Les syndicats réagissent

L’article de Libération a provoqué un nouveau tollé des syndicats lycéens, dont certains accusent directement Jean-Michel Blanquer. Ainsi, la Fidl a dénoncé un «dévoiement total de la cause syndicale et une insulte faite aux jeunes dont le ministère aurait organisé l’étouffement de la parole face à des réformes du bac et du lycée catastrophiques». Le syndicat MNL voit lui dans Avenir lycéen, «une entreprise politique n’ayant pas hésité à manipuler certains de nos jeunes camarades lycéens (...) afin de servir les intérêts du ministre». Le MNL en profite habilement pour demander des «subventions suffisantes pour nous permettre de faire correctement notre travail de sensibilisation à la démocratie lycéenne». Quant à l’UNL, qui avait annoncé une plainte après les révélations de Mediapart, son président Mathieu Devlaminck a assuré sur Twitter qu’Avenir Lycéen était un «instrument de Blanquer» pour «faire taire» son syndicat.

Côté professeurs, le SNES (Syndicat national des enseignements du second degré) a aussi réagi par un communiqué, exigeant une «une enquête administrative indépendante dans les plus brefs délais».

Notre choix a été clair : la proposition. Proposer et en finir avec l’opposition systématique 

Nathan Monteux, co-fondateur d’Avenir lycéen

«Avenir lycéen» a répondu samedi par un communiqué en défendant son indépendance et son droit «à porter une autre voix que celle de l’extrême gauche syndicale». «On peut être jeunes et s’engager pour faire changer les choses et non seulement pour bloquer le pays. Notre choix a été clair: la proposition. Proposer et en finir avec l’opposition systématique», a indiqué Nathan Monteux co-fondateur d’avenir lycéen. «Personne ne nous a manipulés. À aucun moment quiconque au ministère de l’Éducation Nationale n’a «utilisé» notre mouvement», a-t-il ajouté.

Le trésorier d’Avenir lycéen a aussi publié un communiqué, demandant «à l’ensemble des bénéficiaires de repas et chambres prises par l’association dans des lieux qui dépassent le cadre de la moralité, de rembourser intégralement leurs frais, sous une période limitée à 15 jours, au centime près».

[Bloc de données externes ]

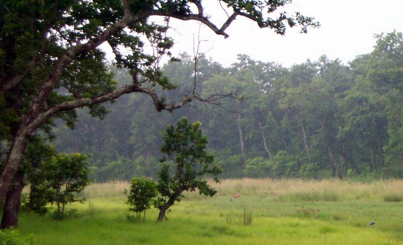 Chitwan - Jeep Safari -- Spotted deer (middle) and stork (bottom right)
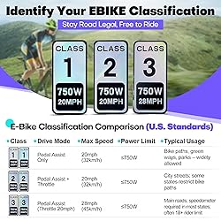 4 PCS Ebike Class 1 Sticker 750W 20 MPH Powersports Decal - Colorful Reflective Vinyl Sticker Set for Ebike Classification - 2.5 x 1.2 Inch
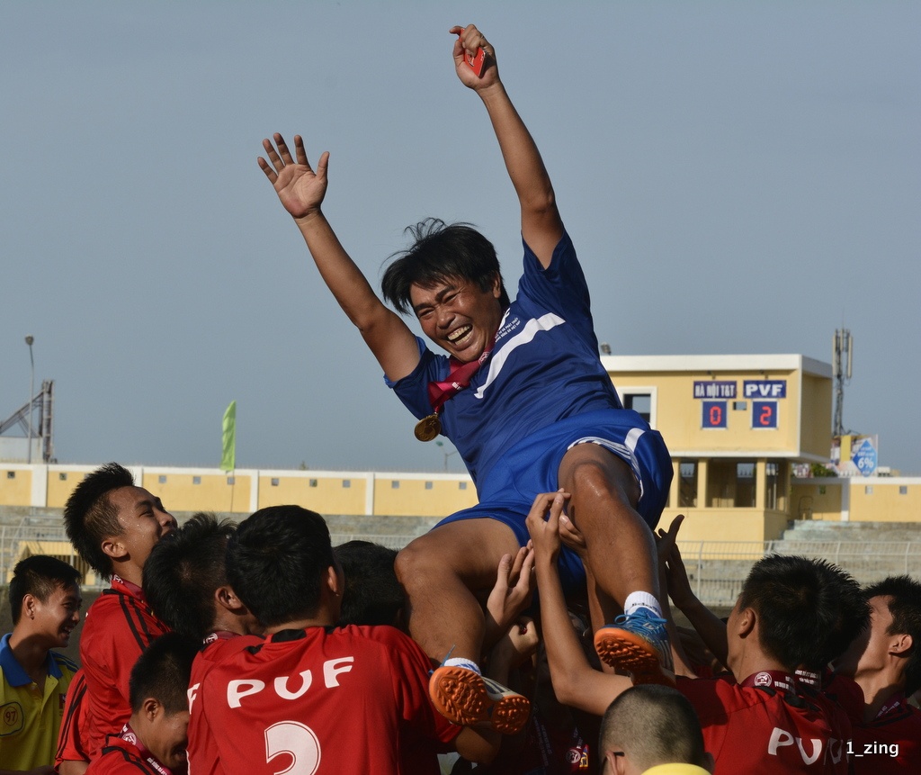 | HLV Trần Minh Chiến, cựu danh thủ thế hệ vàng bóng đá Việt Nam được các học trò tung hô mừng chức vô địch. |

Les syndicats lycéens représentatifs sont subventionnés par un bureau de la DGESCO (Direction générale de l’enseignement scolaire), dirigée aujourd’hui par Édouard Geffray. Des subventions sont accordées en fonction des projets proposés, et contrôlés un an après, a posteriori. Si Avenir lycéen a reçu 65.000 euros de subventions, l’UNL a vu ses subventions fondre passant de 80.000 à 30.000 euros. Ce que dénonce ce syndicat, plutôt classé à gauche. Des élus LFI et communistes ont en outre réclamé dès vendredi soir une commission d’enquête parlementaire sur cette affaire.

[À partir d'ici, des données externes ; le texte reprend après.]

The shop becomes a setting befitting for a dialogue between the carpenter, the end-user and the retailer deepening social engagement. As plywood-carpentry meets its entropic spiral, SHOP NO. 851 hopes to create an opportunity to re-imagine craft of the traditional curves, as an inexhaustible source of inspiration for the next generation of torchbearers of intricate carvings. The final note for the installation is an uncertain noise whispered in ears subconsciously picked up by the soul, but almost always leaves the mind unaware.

Vous avez juste des lycéens qui ont peut-être dépensé de manière inopinée l’argent qu’ils avaient 

Jean-Michel Blanquer sur RTL

Invité sur RTL dimanche 22 novembre soir dans l’émission On refait le sport, Jean-Michel Blanquer a répondu en fin d’émission au micro d’Isabelle Langé aux accusations portées contre son ministère: «Pourquoi pas une commission d’enquête, ça peut être intéressant. J’aime bien quand il y a des enquêtes, c’est très intéressant pour la démocratie. Mais là, si vous regardez de près ce qui est dit dans ces articles, il y a vraiment beaucoup de sauce et peu de lapin comme on dit chez moi. On voit bien que Libération et Mediapart essaient de faire une affaire à partir de rien. Vous avez des lycéens qui ont peut-être dépensé de manière inopinée l’argent qu’ils avaient. J’ai tout de suite demandé une enquête là-dessus, point à la ligne».

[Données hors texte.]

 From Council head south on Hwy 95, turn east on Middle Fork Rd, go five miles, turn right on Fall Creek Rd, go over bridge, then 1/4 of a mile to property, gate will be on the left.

«C’est vraiment le pompier pyromane»

Lorsque la journaliste lui demande si lui ou son ministère a téléguidé ce syndicat, le ministre répond: «C’est très frappant de voir cela dit par LFI alors que c’est un secteur qui depuis des années essaye d’avoir une influence sur le milieu lycéen et estudiantin. Les liens sont énormes entre eux. C’est vraiment le pompier pyromane».